■ Source material:
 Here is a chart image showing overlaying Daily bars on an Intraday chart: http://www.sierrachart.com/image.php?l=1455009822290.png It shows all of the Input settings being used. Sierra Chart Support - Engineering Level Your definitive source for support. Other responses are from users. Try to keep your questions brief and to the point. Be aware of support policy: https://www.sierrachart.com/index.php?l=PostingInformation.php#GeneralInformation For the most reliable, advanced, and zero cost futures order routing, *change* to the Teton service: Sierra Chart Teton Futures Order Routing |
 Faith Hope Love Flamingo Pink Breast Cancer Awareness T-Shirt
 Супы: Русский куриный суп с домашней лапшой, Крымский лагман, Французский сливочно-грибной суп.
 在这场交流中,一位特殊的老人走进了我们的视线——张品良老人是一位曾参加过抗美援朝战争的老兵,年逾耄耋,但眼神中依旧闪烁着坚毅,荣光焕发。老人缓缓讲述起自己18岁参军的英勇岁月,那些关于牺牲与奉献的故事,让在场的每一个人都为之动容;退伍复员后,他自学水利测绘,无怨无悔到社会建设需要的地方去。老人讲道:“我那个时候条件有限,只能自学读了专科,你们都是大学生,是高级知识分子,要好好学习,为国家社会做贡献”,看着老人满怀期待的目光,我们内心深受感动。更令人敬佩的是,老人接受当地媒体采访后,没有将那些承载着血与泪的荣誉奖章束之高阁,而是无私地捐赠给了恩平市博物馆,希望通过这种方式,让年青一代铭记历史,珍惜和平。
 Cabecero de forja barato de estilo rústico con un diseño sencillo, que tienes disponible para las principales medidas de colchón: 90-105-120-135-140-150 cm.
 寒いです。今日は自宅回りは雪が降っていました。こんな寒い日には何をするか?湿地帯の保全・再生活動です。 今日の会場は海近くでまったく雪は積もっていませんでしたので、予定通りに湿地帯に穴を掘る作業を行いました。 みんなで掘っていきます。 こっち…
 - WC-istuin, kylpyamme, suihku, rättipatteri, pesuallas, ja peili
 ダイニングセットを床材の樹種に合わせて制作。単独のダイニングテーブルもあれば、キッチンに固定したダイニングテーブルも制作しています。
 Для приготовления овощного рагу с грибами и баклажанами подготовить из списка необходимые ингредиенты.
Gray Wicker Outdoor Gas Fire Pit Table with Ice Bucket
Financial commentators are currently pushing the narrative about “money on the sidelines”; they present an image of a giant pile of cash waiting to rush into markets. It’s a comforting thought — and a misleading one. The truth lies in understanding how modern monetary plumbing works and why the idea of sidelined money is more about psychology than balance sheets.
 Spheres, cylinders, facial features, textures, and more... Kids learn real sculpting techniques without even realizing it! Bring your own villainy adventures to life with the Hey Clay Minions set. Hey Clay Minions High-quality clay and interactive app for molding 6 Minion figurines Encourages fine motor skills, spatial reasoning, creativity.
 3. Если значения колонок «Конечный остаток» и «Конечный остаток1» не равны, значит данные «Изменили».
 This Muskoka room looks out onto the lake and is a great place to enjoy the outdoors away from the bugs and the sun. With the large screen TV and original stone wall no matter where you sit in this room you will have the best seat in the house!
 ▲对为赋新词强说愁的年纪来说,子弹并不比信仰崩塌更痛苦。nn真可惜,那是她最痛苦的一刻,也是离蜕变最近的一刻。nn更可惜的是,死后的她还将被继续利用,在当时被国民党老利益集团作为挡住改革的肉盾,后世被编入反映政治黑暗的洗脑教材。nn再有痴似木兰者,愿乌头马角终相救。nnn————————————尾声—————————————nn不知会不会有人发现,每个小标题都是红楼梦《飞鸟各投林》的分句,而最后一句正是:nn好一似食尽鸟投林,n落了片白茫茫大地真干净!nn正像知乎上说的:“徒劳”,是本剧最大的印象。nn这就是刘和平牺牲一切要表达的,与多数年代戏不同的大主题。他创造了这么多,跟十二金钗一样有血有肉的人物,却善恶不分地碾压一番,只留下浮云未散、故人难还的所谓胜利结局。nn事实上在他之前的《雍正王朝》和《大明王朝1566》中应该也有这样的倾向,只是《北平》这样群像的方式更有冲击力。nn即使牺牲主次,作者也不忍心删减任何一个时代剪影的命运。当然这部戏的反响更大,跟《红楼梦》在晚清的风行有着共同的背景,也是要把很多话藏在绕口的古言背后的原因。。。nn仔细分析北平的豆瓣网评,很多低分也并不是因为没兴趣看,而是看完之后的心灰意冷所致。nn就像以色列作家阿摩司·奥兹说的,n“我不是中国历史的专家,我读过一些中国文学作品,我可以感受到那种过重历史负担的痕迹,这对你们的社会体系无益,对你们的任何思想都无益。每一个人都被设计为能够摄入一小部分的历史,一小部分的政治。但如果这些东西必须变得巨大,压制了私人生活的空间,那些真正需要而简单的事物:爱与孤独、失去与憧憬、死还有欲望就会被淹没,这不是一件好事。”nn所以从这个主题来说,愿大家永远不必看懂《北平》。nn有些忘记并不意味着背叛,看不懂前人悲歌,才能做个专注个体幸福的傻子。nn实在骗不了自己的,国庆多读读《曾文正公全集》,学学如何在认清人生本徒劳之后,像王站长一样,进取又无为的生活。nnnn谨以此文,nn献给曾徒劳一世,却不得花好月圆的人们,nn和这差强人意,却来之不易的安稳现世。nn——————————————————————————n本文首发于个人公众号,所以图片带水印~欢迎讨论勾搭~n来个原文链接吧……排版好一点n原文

■ What is expected:
In full and without changes, copy the entries above.

■ Answer for this exercise:
 Here is a chart image showing overlaying Daily bars on an Intraday chart: http://www.sierrachart.com/image.php?l=1455009822290.png It shows all of the Input settings being used. Sierra Chart Support - Engineering Level Your definitive source for support. Other responses are from users. Try to keep your questions brief and to the point. Be aware of support policy: https://www.sierrachart.com/index.php?l=PostingInformation.php#GeneralInformation For the most reliable, advanced, and zero cost futures order routing, *change* to the Teton service: Sierra Chart Teton Futures Order Routing |
 Faith Hope Love Flamingo Pink Breast Cancer Awareness T-Shirt
 Супы: Русский куриный суп с домашней лапшой, Крымский лагман, Французский сливочно-грибной суп.
 在这场交流中,一位特殊的老人走进了我们的视线——张品良老人是一位曾参加过抗美援朝战争的老兵,年逾耄耋,但眼神中依旧闪烁着坚毅,荣光焕发。老人缓缓讲述起自己18岁参军的英勇岁月,那些关于牺牲与奉献的故事,让在场的每一个人都为之动容;退伍复员后,他自学水利测绘,无怨无悔到社会建设需要的地方去。老人讲道:“我那个时候条件有限,只能自学读了专科,你们都是大学生,是高级知识分子,要好好学习,为国家社会做贡献”,看着老人满怀期待的目光,我们内心深受感动。更令人敬佩的是,老人接受当地媒体采访后,没有将那些承载着血与泪的荣誉奖章束之高阁,而是无私地捐赠给了恩平市博物馆,希望通过这种方式,让年青一代铭记历史,珍惜和平。
 Cabecero de forja barato de estilo rústico con un diseño sencillo, que tienes disponible para las principales medidas de colchón: 90-105-120-135-140-150 cm.
 寒いです。今日は自宅回りは雪が降っていました。こんな寒い日には何をするか?湿地帯の保全・再生活動です。 今日の会場は海近くでまったく雪は積もっていませんでしたので、予定通りに湿地帯に穴を掘る作業を行いました。 みんなで掘っていきます。 こっち…
 - WC-istuin, kylpyamme, suihku, rättipatteri, pesuallas, ja peili
 ダイニングセットを床材の樹種に合わせて制作。単独のダイニングテーブルもあれば、キッチンに固定したダイニングテーブルも制作しています。
 Для приготовления овощного рагу с грибами и баклажанами подготовить из списка необходимые ингредиенты.
Gray Wicker Outdoor Gas Fire Pit Table with Ice Bucket
Financial commentators are currently pushing the narrative about “money on the sidelines”; they present an image of a giant pile of cash waiting to rush into markets. It’s a comforting thought — and a misleading one. The truth lies in understanding how modern monetary plumbing works and why the idea of sidelined money is more about psychology than balance sheets.
 Spheres, cylinders, facial features, textures, and more... Kids learn real sculpting techniques without even realizing it! Bring your own villainy adventures to life with the Hey Clay Minions set. Hey Clay Minions High-quality clay and interactive app for molding 6 Minion figurines Encourages fine motor skills, spatial reasoning, creativity.
 3. Если значения колонок «Конечный остаток» и «Конечный остаток1» не равны, значит данные «Изменили».
 This Muskoka room looks out onto the lake and is a great place to enjoy the outdoors away from the bugs and the sun. With the large screen TV and original stone wall no matter where you sit in this room you will have the best seat in the house!
 ▲对为赋新词强说愁的年纪来说,子弹并不比信仰崩塌更痛苦。nn真可惜,那是她最痛苦的一刻,也是离蜕变最近的一刻。nn更可惜的是,死后的她还将被继续利用,在当时被国民党老利益集团作为挡住改革的肉盾,后世被编入反映政治黑暗的洗脑教材。nn再有痴似木兰者,愿乌头马角终相救。nnn————————————尾声—————————————nn不知会不会有人发现,每个小标题都是红楼梦《飞鸟各投林》的分句,而最后一句正是:nn好一似食尽鸟投林,n落了片白茫茫大地真干净!nn正像知乎上说的:“徒劳”,是本剧最大的印象。nn这就是刘和平牺牲一切要表达的,与多数年代戏不同的大主题。他创造了这么多,跟十二金钗一样有血有肉的人物,却善恶不分地碾压一番,只留下浮云未散、故人难还的所谓胜利结局。nn事实上在他之前的《雍正王朝》和《大明王朝1566》中应该也有这样的倾向,只是《北平》这样群像的方式更有冲击力。nn即使牺牲主次,作者也不忍心删减任何一个时代剪影的命运。当然这部戏的反响更大,跟《红楼梦》在晚清的风行有着共同的背景,也是要把很多话藏在绕口的古言背后的原因。。。nn仔细分析北平的豆瓣网评,很多低分也并不是因为没兴趣看,而是看完之后的心灰意冷所致。nn就像以色列作家阿摩司·奥兹说的,n“我不是中国历史的专家,我读过一些中国文学作品,我可以感受到那种过重历史负担的痕迹,这对你们的社会体系无益,对你们的任何思想都无益。每一个人都被设计为能够摄入一小部分的历史,一小部分的政治。但如果这些东西必须变得巨大,压制了私人生活的空间,那些真正需要而简单的事物:爱与孤独、失去与憧憬、死还有欲望就会被淹没,这不是一件好事。”nn所以从这个主题来说,愿大家永远不必看懂《北平》。nn有些忘记并不意味着背叛,看不懂前人悲歌,才能做个专注个体幸福的傻子。nn实在骗不了自己的,国庆多读读《曾文正公全集》,学学如何在认清人生本徒劳之后,像王站长一样,进取又无为的生活。nnnn谨以此文,nn献给曾徒劳一世,却不得花好月圆的人们,nn和这差强人意,却来之不易的安稳现世。nn——————————————————————————n本文首发于个人公众号,所以图片带水印~欢迎讨论勾搭~n来个原文链接吧……排版好一点n原文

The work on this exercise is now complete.